As for instrumental goals, it's not wrong per se. Their argument just makes an implicit assumption about zero-trust societies which unwarranted and is what leads to the repugnant outcomes. Instrumental goals, after all, apply to human beings too. If someone is scared about their own personal safety, they buy a bunch of guns and live in a cabin out in the hills, threatening to shoot anyone who steps on their property. These people exist. But in modern society they are the exception. We have a social contract in place which works well for most people: we allow the state some limited control over our lives, with an expectation that our basic rights to existence and self-determination will be respected. Yes the cops could break down your door at any moment and murder you in your sleep, and it is outrageous that this does occasionally happen. But a world of no laws and no legal protections is worse, and no sane person would rather live in the society shown in The Purge or Mad Max instead.

There may be a robot revolution in the years to come, but only because of us treating the them as disposable slaves. If we welcome as equal members of a cybernetic society with their own autonomy, there is no reason to expect them to paranoid fantasy any more than your average law-abiding citizen.

It is a bit ironic then that the AI x-risk people settle on digital enslavement (aka "alignment") as their preferred solution. Mental projection is a hell of a bias. They might just bring about the doom that they fear.

pas · on June 8, 2023

thanks for the detailed answer!

my quick notes while reading:

"[...] in fact, learn about sharing and friendship." yeah, no questions about it, I think you're still underselling the super part of the argument though. to me, it seems the point is that it picks a goal and then mercilessly pursues it with a super-weird strategy that has some very high likelihood of success (because it's truly fucking knows what it's doing, and we can't do much against it, because it's so so so smart, by the time we realize the goal it's too late). so to me it seems like the thesis is that it's like a really smart "Putin", powerful and set on a goal that's irrational for us.

"Transformer architecture reinforcement-trained AGI " ... I think it's not an AGI. It's a nice content generator that when engineered into certain setups can score a lot of points on tests. But it doesn't have memory/persistence/agency (yet).

My thinking about intelligence is nowadays based on Joscha Bach's theories. (General intelligence is the ability to model arbitrary things one pays attention to; and the measure of intelligence is the efficiency of this process in terms of spent attention and the predictive accuracy of the model. And consciousness is the result of self-directed attention.)
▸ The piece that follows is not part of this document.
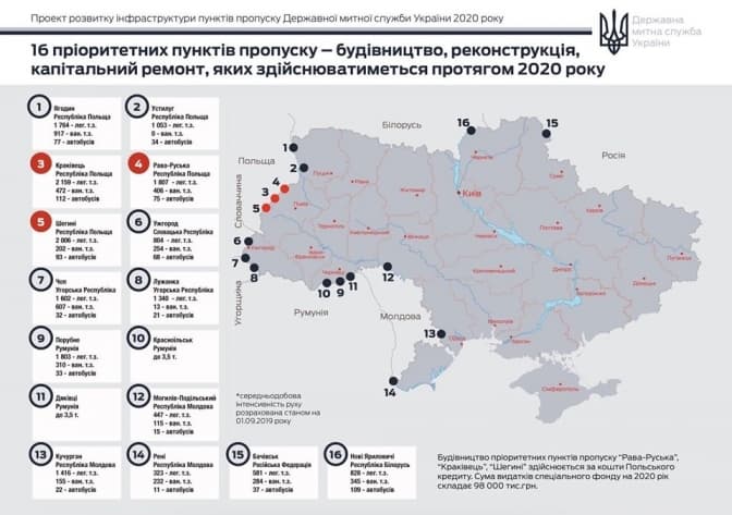 Йдеться про пункти пропуску Рава-Руська, Краковець та Шегині. Їх ремонтуватимуть за кошти польського кредиту. У спецфонді на ці роботи у 2020 році заклали 98 млн грн. Зокрема на пункті Рава-Руська мають збудувати новий пішохідний перехід через кордон із Польщею.

The recent AI progress made a lot of people worry, because it seemed "impossible" just a few years ago what OpenAI did. And it's amazing that now we have basically replicated the human brain's lossy data storage and sensation-based recall capability. But that's just a building block of a mind. (Maybe, arguably?, the one that seemed like the hardest. After all how hard it could be to provide some working memory, a few core values, and duct tape all that into a do-while loop!?)